Monday, June 12, 2017

Travel Tyro: Newport in Late Spring


On a dreary, damp Saturday morning in early May, a few hundred graduating college students shuffled into tour buses for a "Senior Week" adventure to one of New England's most iconic seaside cities. A short 1.5 hour drive from Boston, Newport was the summer watering hole of choice for wealthy New Yorkers in the mid-ninteenth century. As one of thirty-eight of the state's islands, Newport's prime location on the Narragansett Bay and Rhode Island Sound offered both a breezy escape from the stifling summer heat and an opportunity for America's royalty like the Vanderbilts to show off their wealth in the form of opulent summer "cottages" that could rival even a castle from British aristocrats across the pond. 

Today, Newport is still a summer destination of choice for many New Englanders and tourists alike, especially those with an affinity for nautical lifestyle and culture. While I have visited a few times before, there is always something new to see and do in any season (or weather). This trip, I spent the morning touring the Newport Vineyards for a fun wine tasting and later broke away from my peers and spent the afternoon completing the 3.5 mile Cliff Walk with a friend. Although the Gilded Age mansions along Bellevue Avenue are a definite must-see (the Breakers is like the American cousin of Downton Abbey's Highclere Castle and particularly beautiful during the Christmas season while the Rosecliff is famously known as the party location used in the original Great Gatsby film) the Cliff Walk is a trail that loops along the shoreline offering prime views of the ocean and backyard glimpses into the estates. 

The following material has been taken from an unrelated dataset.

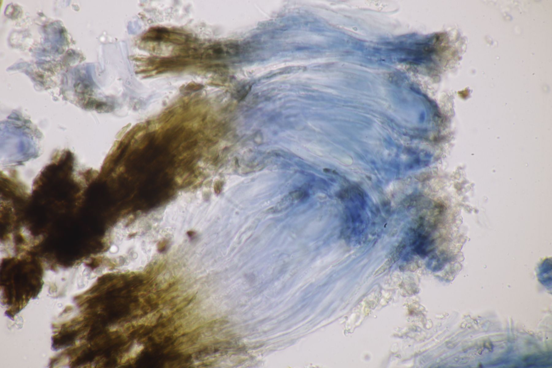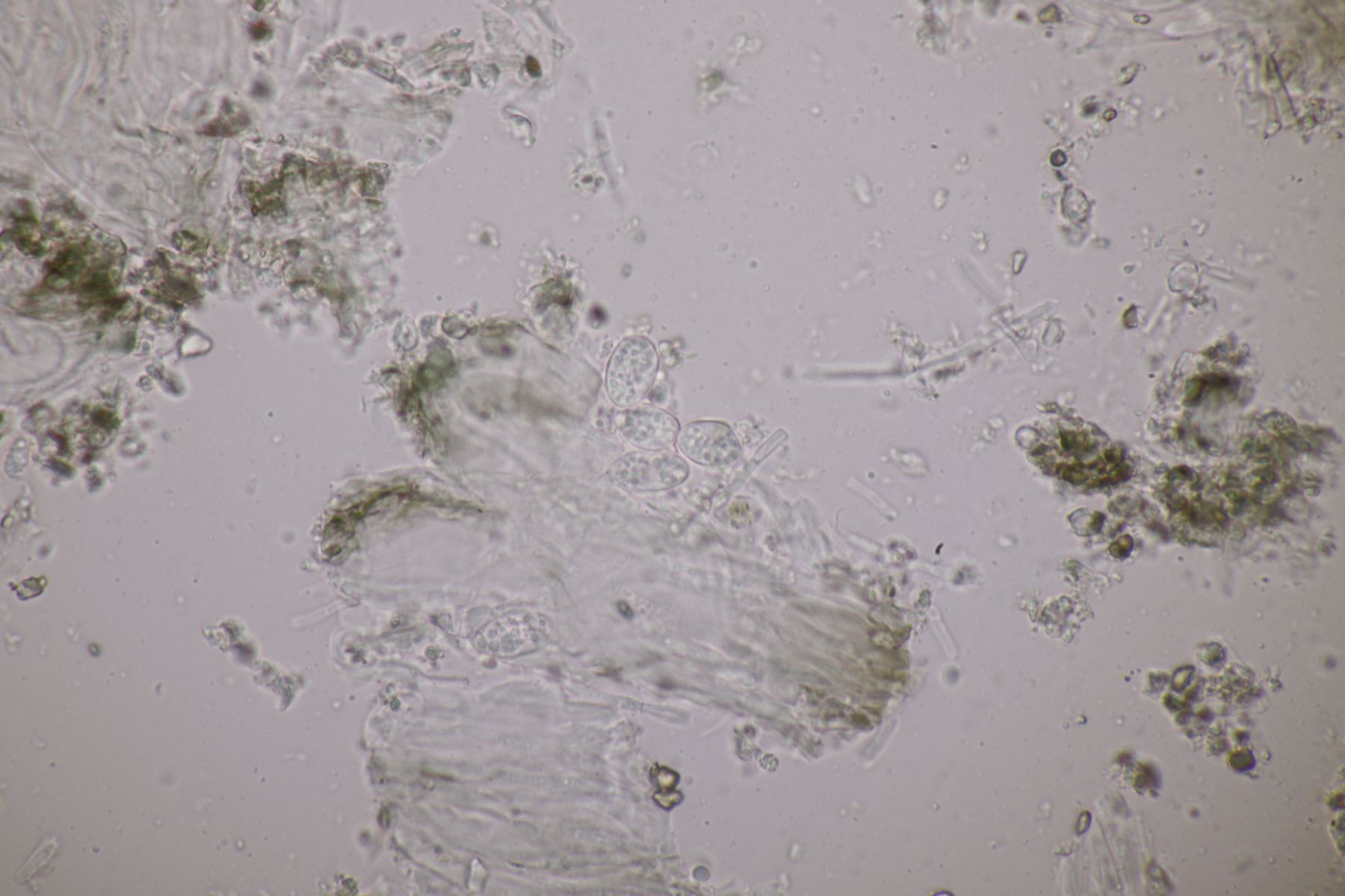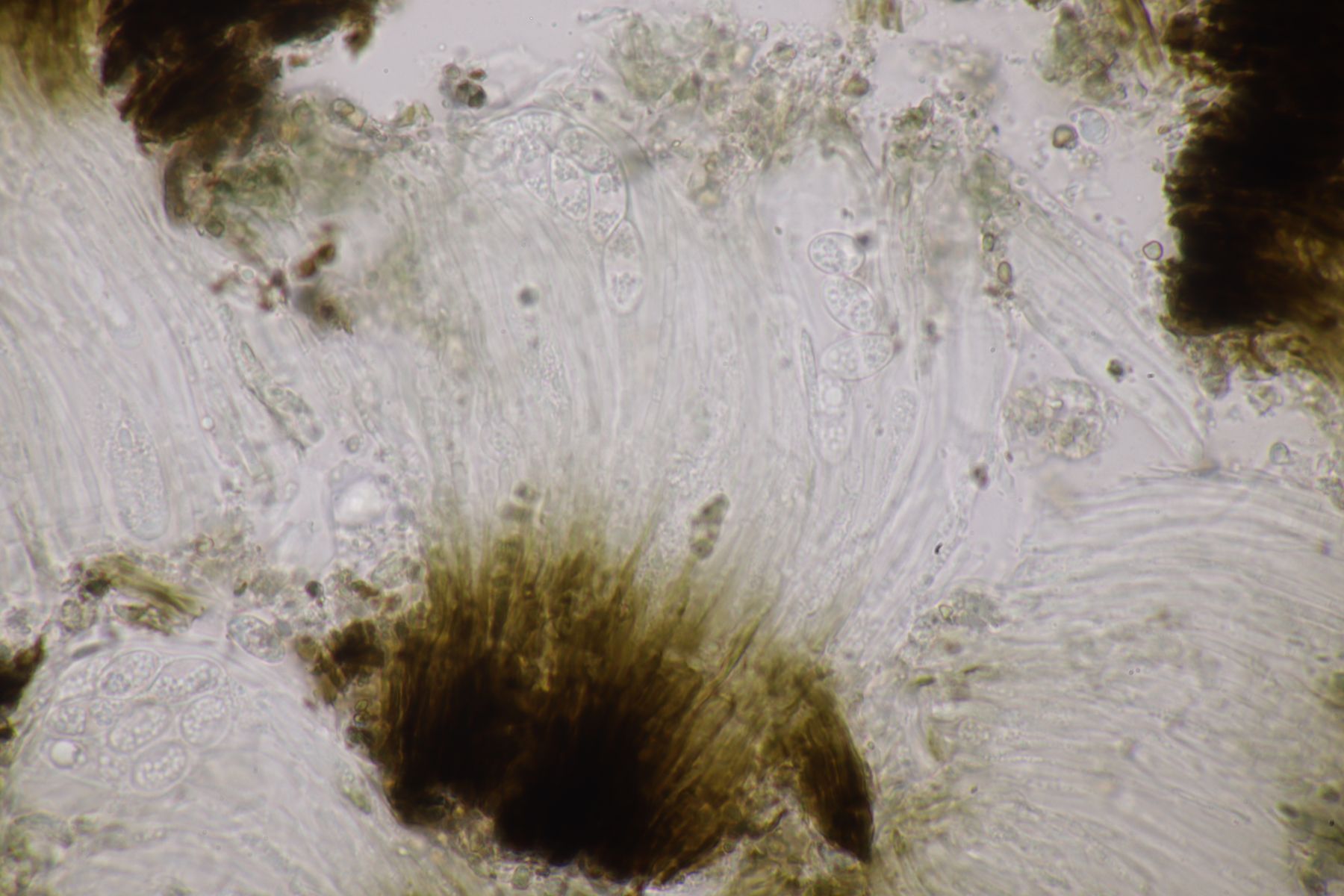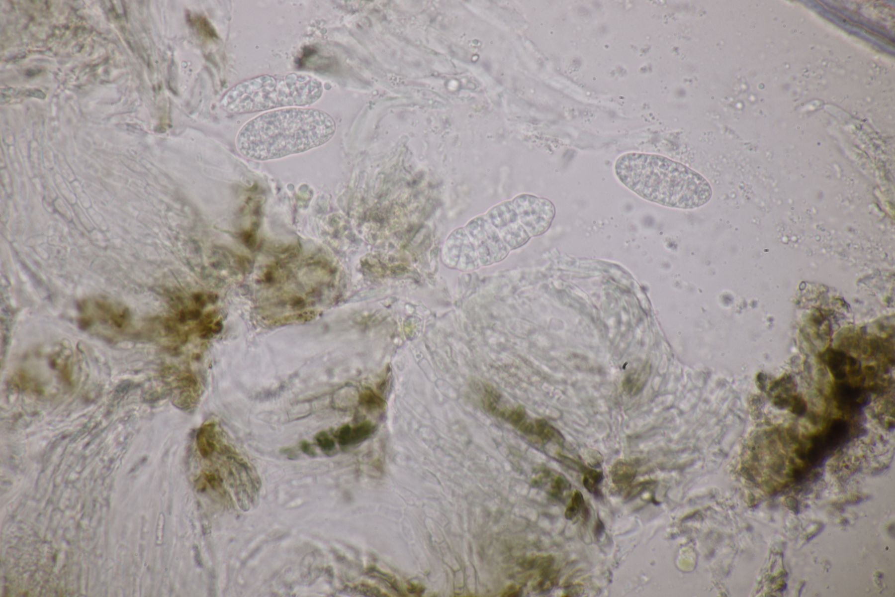 bei Scutellinias ist das Sporenornament für die Bestimmung sehr wichtig. Hierfür benötigt man reife Sporen (idealerweise aus einem Abwurf) und betrachtet das Ornament am besten in Baumwollblau.

As a thick fog began to roll in and the clouds started to drizzle, we decided to end our trek along the cliffs with a cup of coffee at the cozy Coffee Grinder, an unsuspecting gem nestled in the docks at Bannister Wharf, followed by a quick stop to the International Tennis Hall of Fame. For those visiting for a longer period of time, the National Museum of American Illustration is also an imperative albeit lesser known destination in the city, offering beautiful works from iconic American illustrators like Norman Rockwell— all inside a Gilded Age estate built in a French chateau style that is any design enthusiast's dream. During good weather, a ride along Ocean Drive to watch the sunset along the beach is another must, accompanied of course by a pit stop at the Castle Hill Lighthouse.


























Until next time, Newport! 

When: Spring
What: Cliff Walk
See more things to do from my previous trips in summer & winter here.
Why: Newport is the an ideal hub for history, art, beach, and nautical 
Tyro Tip: The Cliff Walk includes actual spots where you're walking on rocky terrain. In the rain it is inevitably treacherous (I fell while wearing shoes with traction), so sensible footwear is recommended if you're keen on doing the whole trail!